9. Will my academic records indicate I’ve been in therapy?  Will any of this show on my transcript?

NO. Therapy records, academic records and transcripts are completely separate.  Your legally protected confidentiality prevents disclosure of counseling information to academic offices or personnel.   

10. Are my counseling sessions confidential?

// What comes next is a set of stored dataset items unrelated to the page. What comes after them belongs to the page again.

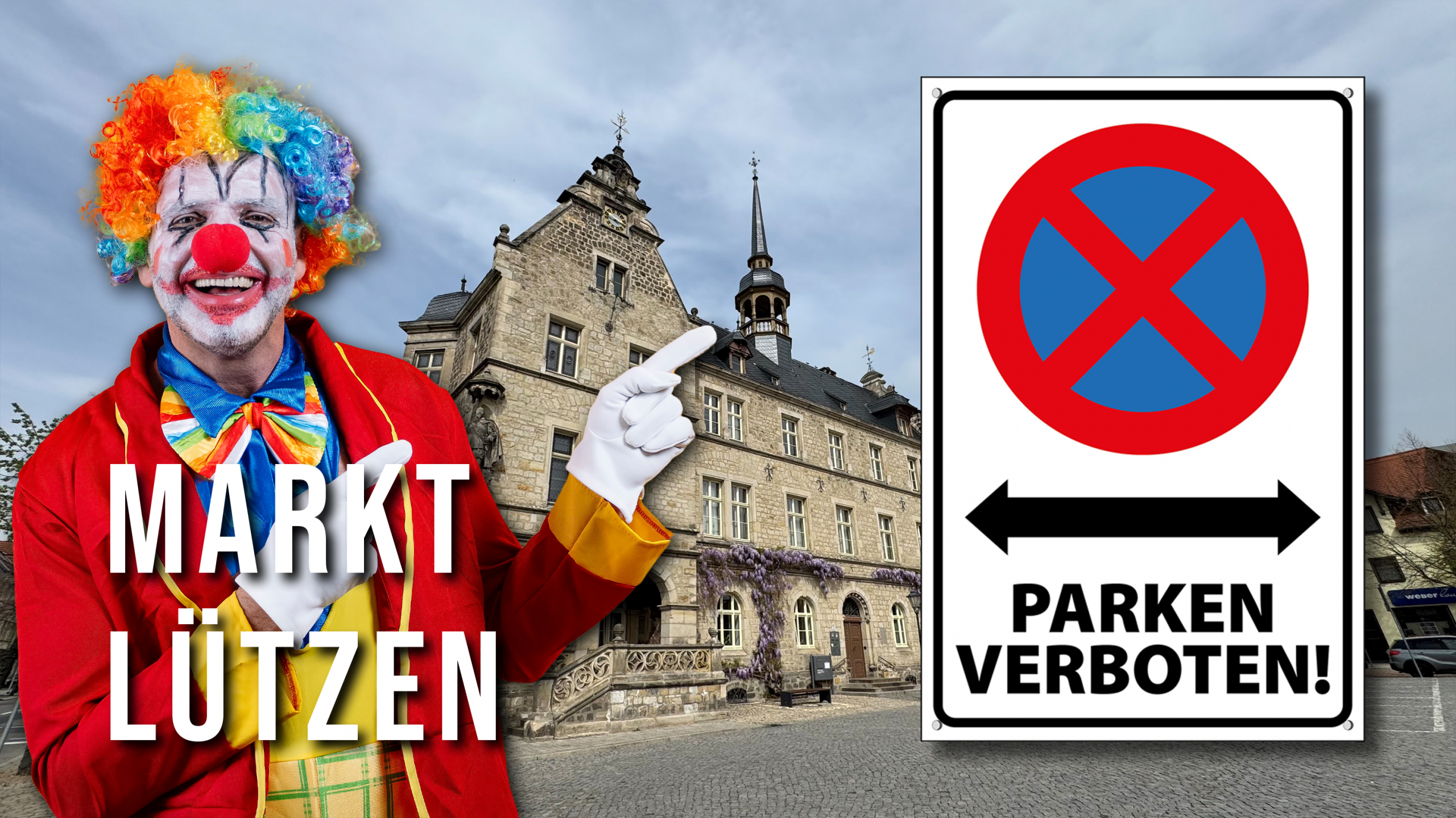 Nach dem Motto "Narren statt Karren" bittet die Stadt Lützen, geparkte Autos rechtzeitig wegzufahren.
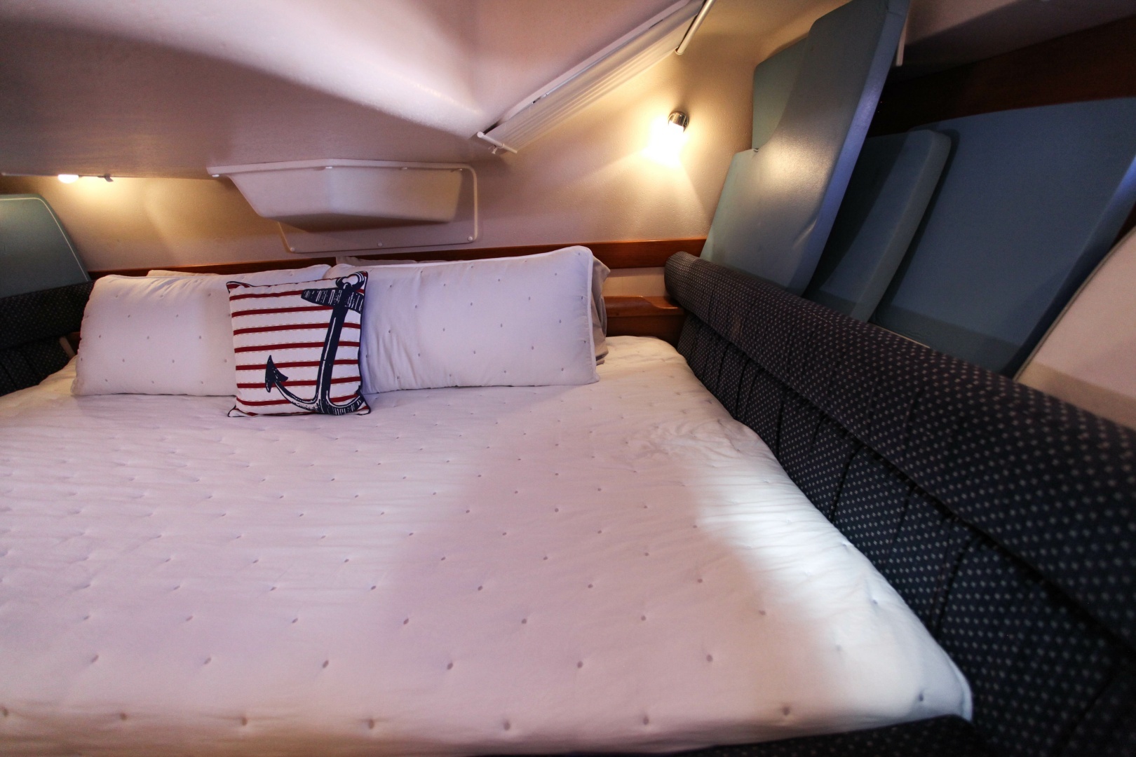 Forward, the guest cabin includes a comfortable V‑berth with drawers and port and starboard lockers for ample storage.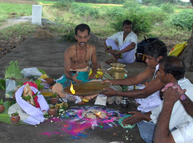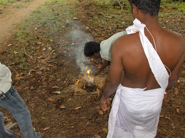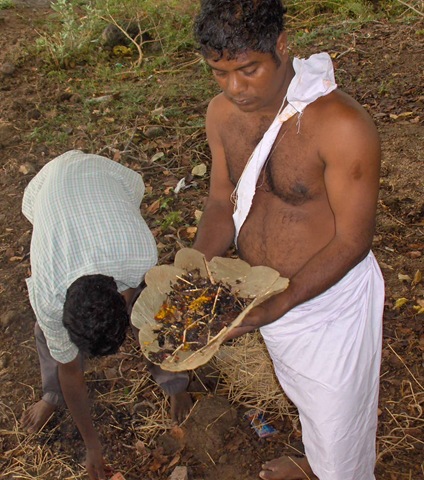 Then a small symbolic white cloth, set into a wooden frame, is placed on a bed of dry plant material on the ground, and burnt. This invokes Booma, Earth Mother. These ashes resulting from this burning are mixed with other holy materials, and carried by Anna to a nearby tank.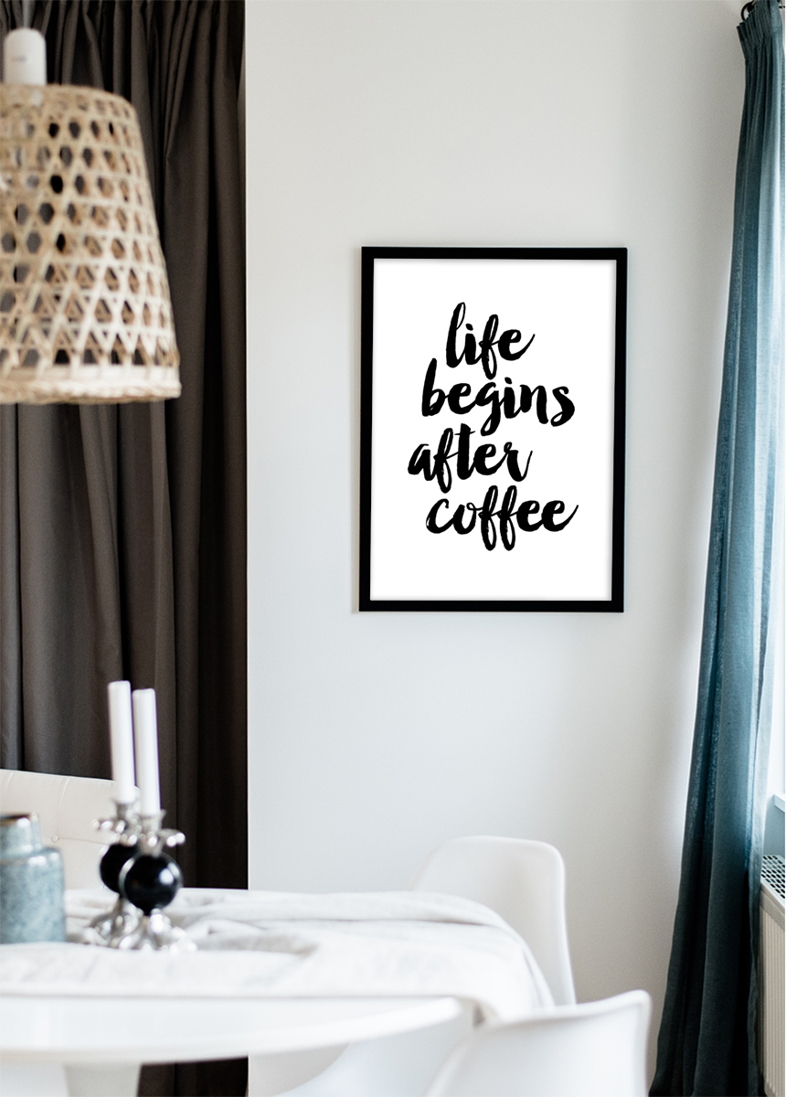 Sabes que te irá bien en el trabajo hoy y que incluso después tendrás energía para pasar tiempo con tu familia y amigos. Pero de hecho, antes de poder hacer todo esto, necesitas una taza de café estimulante. ¡No hay nada de qué avergonzarse! En su lugar, cuelga este hermoso póster en la pared y disfruta de una taza de esta maravillosa bebida. El póster es blanco con una impresión en negro en forma de texto "La vida comienza después del café" escrito con una fuente juguetona y enredada. Los cuadros de cocina suelen quedar muy bien con marcos plateados que combinan con el fregadero, el grifo y otros detalles metálicos que suelen haber en una cocina. El póster está disponible en varios tamaños y rangos de precios.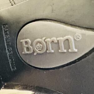 Round toe; inner zip entry; stack-style block heel; Born crown logo at heel and outsole.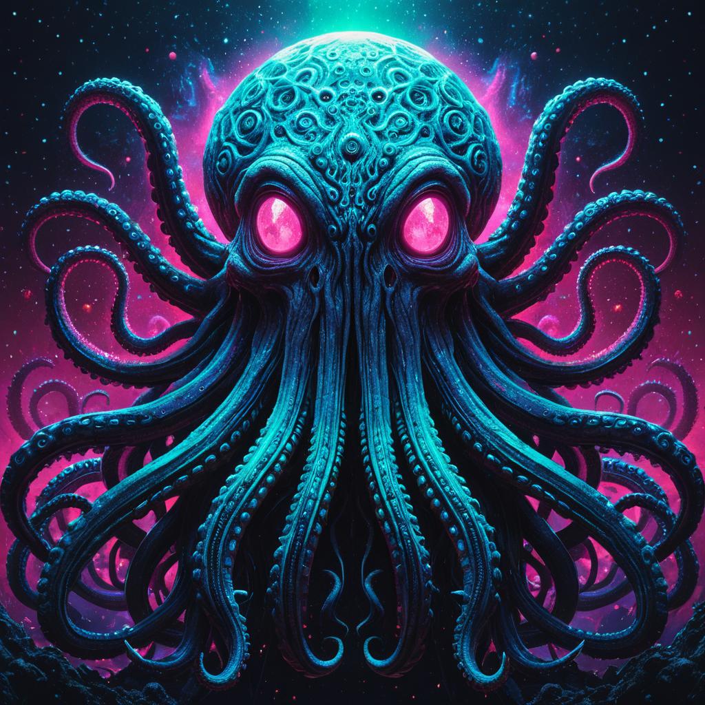 An eldritch horror, with writhing tentacles and multiple glowing eyes, emerging from an abyssal void with flickering star-like lights, surrounded by floating archaic symbols and eerie pulsating auras, depicted in the intense and nightmarish style of Kentaro Miura.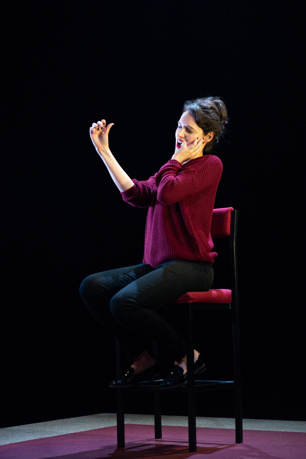 Visually, the play and the TV show are different beasts. The stage presents only a chair, some strip lighting and a single cast member – Waller-Bridge herself. The other characters are brought to life in two ways: recurring people are voiced by Waller-Bridge, while lesser figures come through as voiceovers.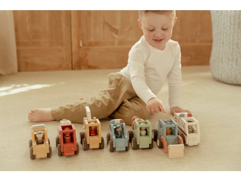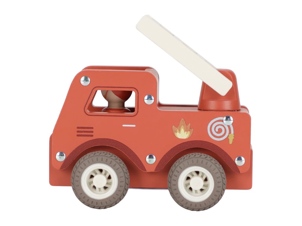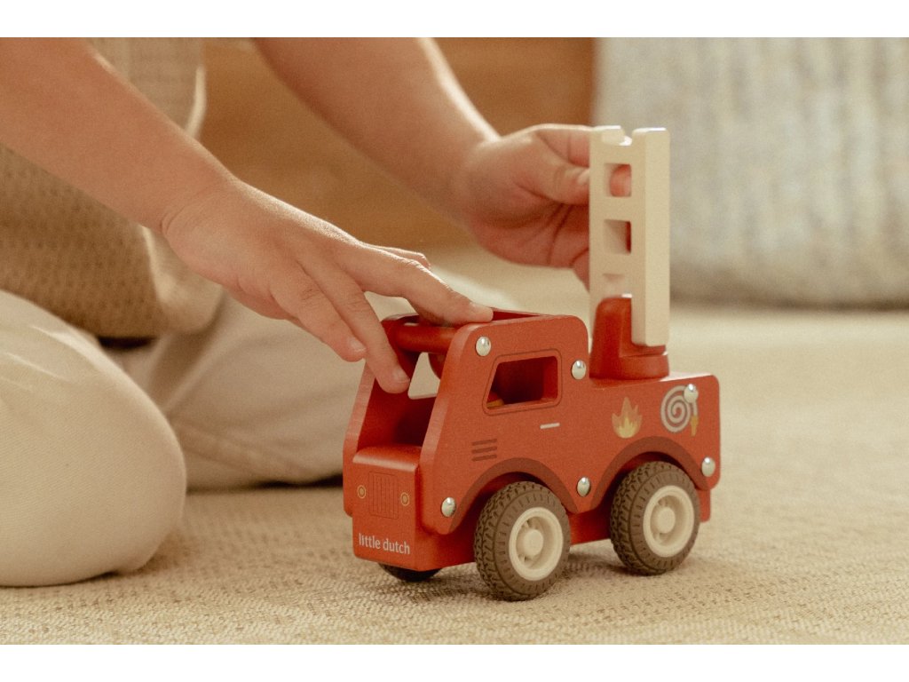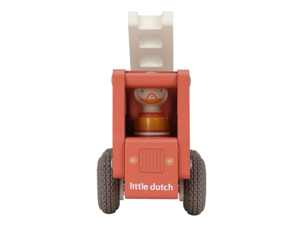 S tímto dřevěným hasičským autem budete vždy připraveni vyrazit do akce! Vozidlo je vybaveno výsuvným žebříkem a odvážným hasičem v podobě dřevěné figurky. Díky robustní konstrukci a gumovým pneumatikám je jízda plynulá a bezpečná na každém povrchu. Otevřený design umožňuje dětem snadné uchopení a tlačení, a proto je hasičské auto ideální pro malé ruce i velkou fantazii. Zachraňte zvířátka ze stromů, uhaste požár a ochraňujte své město! Hračka je součástí kolekce vysoce kvalitních dřevěných hraček Little Dutch, navržených s důrazem na bezpečnost a originální design. Vyrobeno z odolného FSC certifikovaného dřeva. Rozměry: 14.5 x 7,3 x 12 cm Vhodné pro děti od 18 měsíců.Doplňkové parametry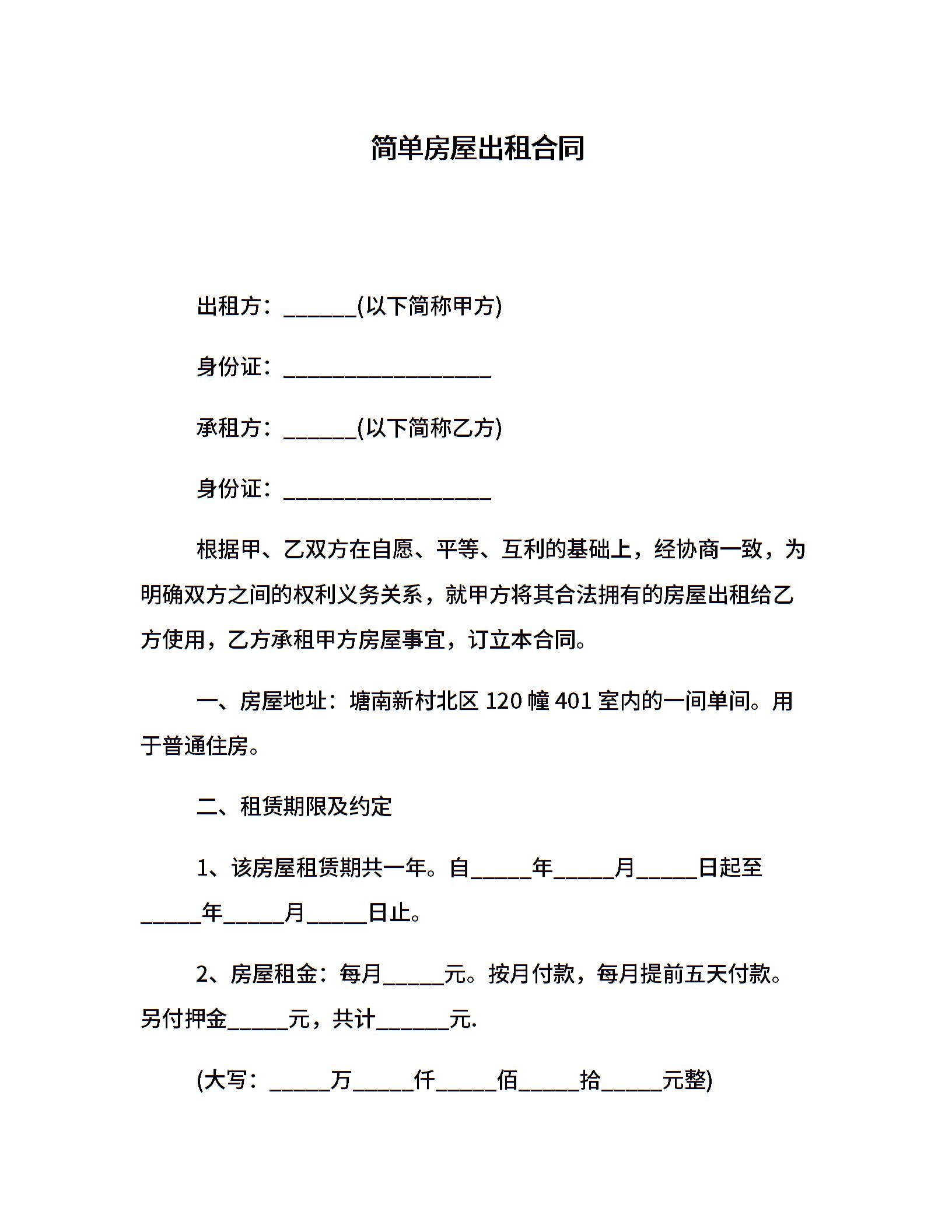 简单房屋出租合同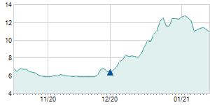 Closing price on 2/3/2021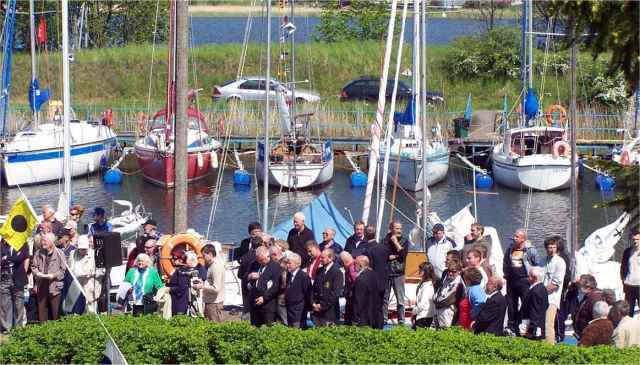 Po pierwszyb biegu Regat przystąpiono do uroczystości. Mowę trzymał Komandor NEPTUNA - Andrzej Chabrowski. Krótko, treściwie przedstawił koleje losu naszego jachtklubu od klubu przyzakładowego, przez międzyzakładowy, dysydencki, do niezależnego-samorządnego. Nie ma co tu sie silić na opisy - kto był, to zobaczył jak NEPTUN obecnie się prezentuje. Jaki jest "qń" - kazdy widzi.

It is important that all students know that their sessions are confidential—strictly between you and your counselor, with other CAPS or Student Health Services staff involved only as needed for consultation.  The only exceptions to confidentiality occur:

  1. If you request, by means of a written, signed release that you want your counselor to reveal information to others who you name, such as to an outside therapist.
  2. When we have a concern about your immediate safety or the safety of another.
  3. In cases involving physical and/or sexual abuse of a child.
  4. Where requested by subpoena or mandated by court order of state/federal law.

11. Will my parents find out about my counseling?

NO. By law, we cannot tell anyone, including a parent, if a student is in counseling except when we have a concern about a student’s safety or the safety of another. When a student is legally a minor (under age 18, unmarried, without children of his/her own, and has not been legally emancipated), informing parents is not automatic and will be discussed with you first.